By __different modes of prediction__ I mean the following: We can build a random forest predicting sea ice for each intersection of time (i.e. month) and longitude (10 degree section), meaning that we have a separate model for each grid square on a graph representing month against longitude. However, this does not consider the relationship between the dependent variables (the relationship between sea ice in one month or longitude section and another), so we can create different output 'modes' to do this.

The modes of prediction are:
- Individual = consider each time/longitude section separately
- Month = consider data from all longitudes in a month as one target
- Longitudinal = consider data from all months in that longitude as one target
- Year = consider the entire year's data as a target variable

For example, in the 'Month' mode, we create 12 different models (12 different RFs), and each one sees all of the data for all the longitudes for one specific month, and it then goes on to predict data for all the longitudes for that one month, taking into account the relationship between SIE at different longitudes as it does so. This prediction is then unravelled back into the values for each longitude section for the purpose of analysing the error.

The Individual mode uses 12 * 36 = 432 distinct models for the prediction, Month uses 12, Longitudinal uses 36, and Year uses one. This means that the ratio of predictors to dependent variables is different in each model (highest in Individual and lowest in Year), and different relationships between sections of SIE are considered in each mode (more relationships in Year and none in Individual), resulting in different accuracy of prediction across the modes.

__Note:__ I believe there is room for improvement here, by investigating different groupings of SIE, for example using a model that only forecasts the Bellingshausen Sea, or one that considers the Sea in the summer and winter independently. There is a lot that can be done in searching for a combination of groupings that produce the best predictions for the whole SIE.

---

### Creating the model

In [None]:
import numpy as np
import xarray as xr
import matplotlib.pyplot as plt
from sklearn import metrics
from sklearn.ensemble import RandomForestRegressor
from calendar import month_abbr 

Grab in the list of month contractions and pop the empty string so it can be used in the graphs for axis tick labels.

In [None]:
months = list(month_abbr)
months.pop(0)

Set the number of estimators (= trees in each forest), as well as seeding a random state for reproducibility.

In [None]:
n_est = 200 #number of estimators
rs = 0 #random state
np.random.seed(rs)

Next we specify the years which will be used for:
- the start of the prediction period (predstartyear)
- the start of the training/testing data (startyear)
- the end of the training/testing data (endyear)
- the number of years we are predicting for (predyears)

In [None]:
predstartyear = 1979 #start of predicted period
startyear = 1979 #start of training
endyear = 1995 #end of training

Then we specify filepaths and open the data for our prediction and training sections.

In [None]:
yvar = 'SIE'
folder = '~/Desktop/IMAS/ncfiles/'  #filepath
pfile = 'Proxy_combined_data_v4.nc'  #proxy filename
xfile = 'CombinedProxies.nc'  #proxy filename
df = xr.open_dataset(folder+pfile).sel(year= slice(startyear, endyear))
X = xr.open_dataset(folder+xfile).sel(year= slice(predstartyear, endyear))

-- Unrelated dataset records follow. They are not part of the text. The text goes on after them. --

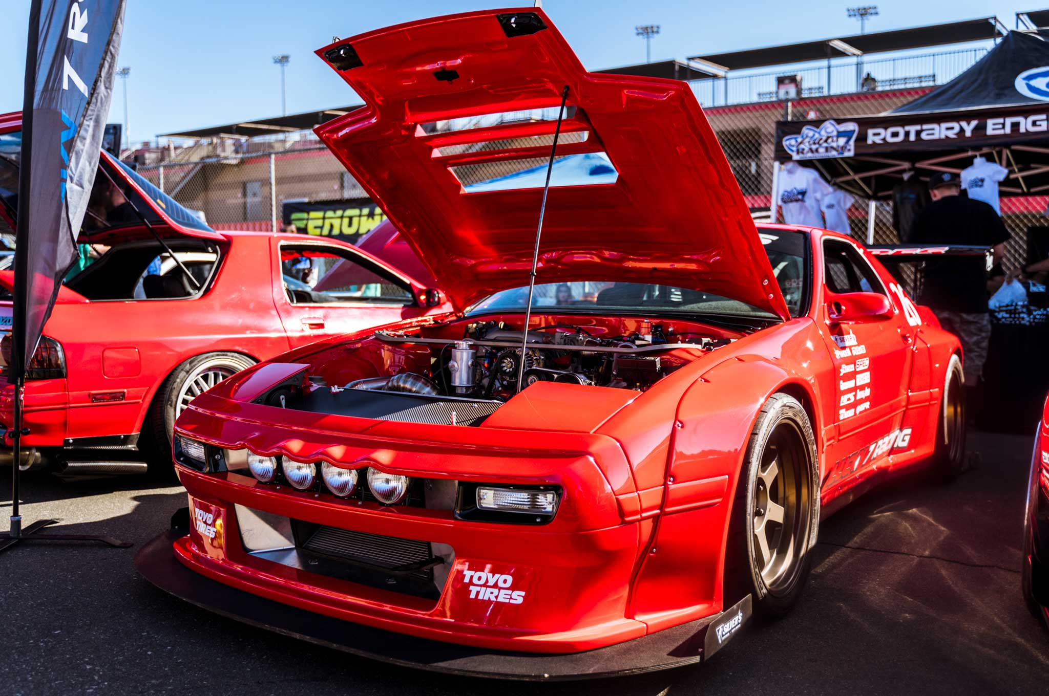 22nd annual meeting of the rotary faithful gets some SEMA FD3S RX-7 spillover in Rob Dahm's 4-rotor AWD monster and Jonny Grunwald's updated TCP Magic widebody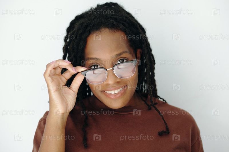Портрет улыбающейся женщины, регулирующей очки и смотрящей на камеру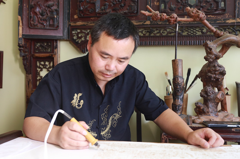 唐文林在创作宝庆烙刻作品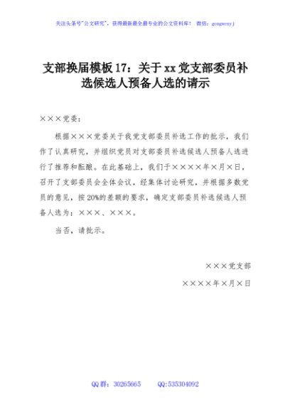 / 支部换届模板17:关于xx党支部委员补选候选人预备人选的请示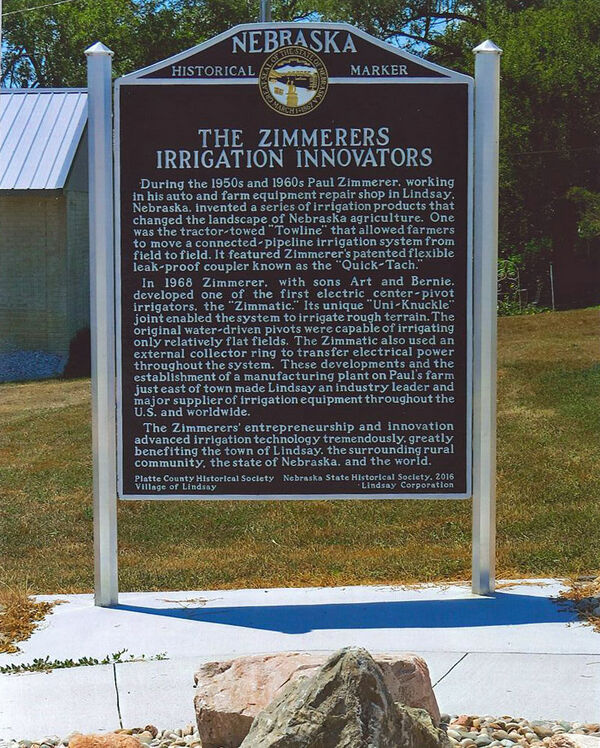 The Zimmerers’ entrepreneurship and innovation advanced irrigation technology tremendously, greatly benefiting the town of Lindsay, the surrounding rural community, the state of Nebraska, and the world.

Then we drop predictors containing NaN values in this range.

__Note:__ We must do this as RFs cannot handle NaN values, there are many alternative options here such as:
- using the mean to impute values
- using a RF based on other proxies in that year (or only complete years) to impute
- using a known distribution to impute

In [None]:
X = X.to_dataframe().dropna(axis=1).to_xarray()

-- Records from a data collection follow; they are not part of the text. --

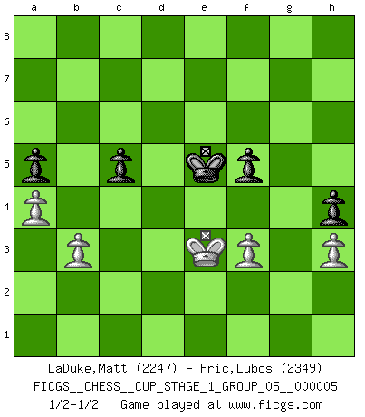 Last move : 1/2-1/2 2022 October 25 15:37:28 [Event "FICGS__CHESS__CUP_STAGE_1_GROUP_05__000005"] [Site "FICGS"] [Date "2022.07.16"] [Round "1"] [White "LaDuke,Matt"] [Black "Fric,Lubos"] [Result "1/2-1/2"] [WhiteElo "2247"] [BlackElo "2349"] 1.e4 e5 2.Nf3 Nc6 3.Bb5 Nf6 4.O-O Nxe4 5.Re1 Nd6 6.Nxe5 Be7 7.Bf1 Nxe5 8.Rxe5 O-O 9.Nc3 Bf6 10.Re1 Re8 11.Nd5 Rxe1 12.Qxe1 b6 13.Qe3 Bb7 14.Nxf6+ Qxf6 15.d3 c5 16.Qf4 Qxf4 17.Bxf4 Nf5 18.a4 f6 19.c3 g5 20.Bd2 Re8 21.f3 a5 22.d4 cxd4 23.Kf2 Bd5 24.cxd4 Kg7 25.Bd3 Nxd4 26.Be3 Nb3 27.Rd1 Nc5 28.Bb5 Re5 29.Bxc5 bxc5 30.Bxd7 Kf7 31.Rd3 Ke7 32.Bb5 Kd6 33.Bc4 Ke6 34.b3 h5 35.g3 h4 36.gxh4 gxh4 37.h3 Rg5 38.Rd1 Rf5 39.Rxd5 Rxd5 40.Ke3 Ke5 41.Bxd5 Kxd5 42.Kd3 f5 43.Ke3 Ke5 1/2-1/2 Ruy Lopez : Berlin defense, Open variation Kingside Castling by player White (move 4) Kingside Castling by player Black (move 8) 10 pieces endgame at move 41 : White KPPPP , Black KPPPP WHITE : King + 4 Pawns BLACK : King + 4 Pawns This chess game ended in a draw. Follow this game move after move (download)I'm not a materialistic person, in that, I don't suffer the lack or loss of money. The absence of worldly goods I don't look back on. For Chess is a way I can be as materialistic as I want without having to sell my soul. (Jamie Walter Adams) Es hat in meinem Leben Zeiten gegeben, da ich sehr nahe daran war zu glauben, daß ich auch nicht eine einzige Schachpartie verlieren könnte. (José Raúl Capablanca) Morphy probablemente fue el genio más grande de todos. (Bobby Fischer) Ce qui est bien, c'est d'avoir tout un tas de pièces en prise : l'adversaire ne peut en prendre qu'une à la fois. Cité par Thierry Audin. Hardware: the parts of a computer that can be kicked. (Jeff Persis)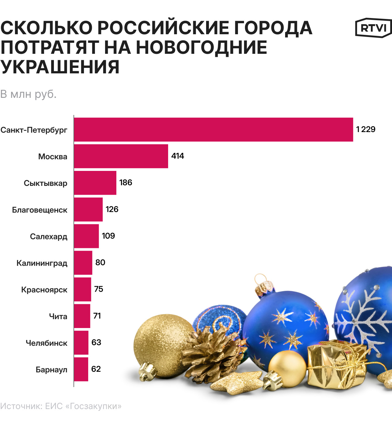 Третий год подряд лидером по средствам, затраченным на новогоднее украшение города, стал Санкт-Петербург: там праздничные расходы оказались в три раза выше (1229 млн руб), чем в Москве (414 млн руб.). RTVI совместно с проектом «Тендерскоп» изучил данные о закупках российских регионов и рассказывает о самых интересных из них.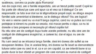 partid si nu pentru ca a avut el intentii sau ambitii ascunse! A primit aceasta functie cu dorinta clara de a face bine!A plecat de langa familie, de langa prieteni, de langa oamenii care il sustineau, convins ca poate ajuta Romania!Are doi copii mici, are o familie respectata, are un trecut politic curat! Copiii lui fac parte din viitorul pe care unii spun ca el vrea sa il distruga! Ce om responsabil, ce tata si-ar dori sa isi stigmatizeze proprii copii, sa atraga asupra familiei sale amenintari si blesteme, sa le distruga viitorul? Nu are logica!! Va veni o vreme cand nu va mai fi langa copiii lui, cand nu va putea sa ii mai protejeze si nimeni nu poate sa creada, nici macar pentru o clipa, ca nu isi doreste o tara prospera si necorupta pt viitorul copiilor lui! Nu stiu cine are de castigat dupa toate aceste proteste, nu stiu cine are de castigat din distrugerea imaginii lui, a carierei lui, dar el sigur, nu are de castigat! Nu i-am cerut sa se intoarca langa familie, desi imi doresc din suflet sa ne recuperam linistea. Dar, in acelasi timp, imi doresc sa fie lasat sa demonstreze tuturor celor care nu cred in el, ca e un om capabil, ca are intentii bune si ca poate duce la bun sfarsit un program din care romanii au numai de castigat! Sa il ajute Dumnezeu!!Aceste randuri au fost scrise de mine, nu am fost manipulata, nu am intentii ascunse, nu vreau sa citeasca nimeni "printre randuri"! Sunt gandurile, grijile si convingerile mele si am simtit nevoia sa le transmit in speranta ca unii vor incerca macar sa il reanalizeze pe omul Sorin Grindeanu si faptele lui! Multumesc anticipat tuturor care, desi nu pot sa fie deacord cu mine, nu vor considera necesar sa injure sau sa blesteme vreun membru al familiei mele! Multumesc! MIHAELA GRINDEANU"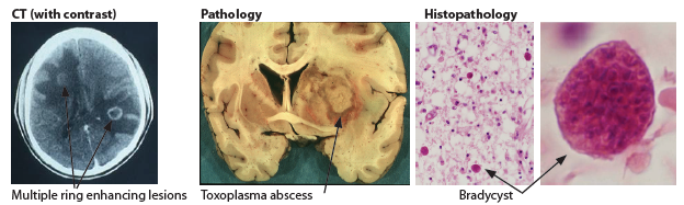 - In immunocompromised patients: reactivation causes cerebral abscesses.

As mentioned in the preamble, there are four modes of prediction, so we set that number here and construct an array with their names in the fixed order.

In [None]:
outputmodes = 4 #number of output modes
outputname = ['Individual','Month','Longitudinal','Year']

Then log the mean SIE for use in calculating error%.

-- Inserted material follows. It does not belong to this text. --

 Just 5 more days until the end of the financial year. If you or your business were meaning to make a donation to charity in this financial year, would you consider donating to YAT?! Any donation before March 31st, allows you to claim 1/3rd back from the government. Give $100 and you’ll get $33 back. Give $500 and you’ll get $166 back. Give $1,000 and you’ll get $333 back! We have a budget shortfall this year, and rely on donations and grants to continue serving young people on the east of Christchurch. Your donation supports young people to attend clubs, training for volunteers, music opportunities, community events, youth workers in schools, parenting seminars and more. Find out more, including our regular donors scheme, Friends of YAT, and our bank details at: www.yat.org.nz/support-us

__Note:__ you could also calculate the mean SIE in each month, or at each longitude, for different ways of considering the error. I have used this as it was the simplest to implement in a short amount of time.

In [None]:
mean_sie = df['SIE'].mean('month').mean('lon').mean('year')

Next generate a train test split.

I am doing this here by randomly selecting arrays of years instead of using sklearn traintest split as not all the splits are done simultaneously and therefore can't all be done in one call of the function to maintain the same splits. So, I need to generate year lists here to ensure the years in train/test data are consistent  across X and y's. Note that the split is seeded by the numpy random seed above to be reproducible.

In [None]:
years = np.arange(startyear, endyear+1)
testyears = np.sort(np.random.choice(years, size = int(len(years)*0.33), replace = False))
trainyears = [x for x in years if x not in testyears]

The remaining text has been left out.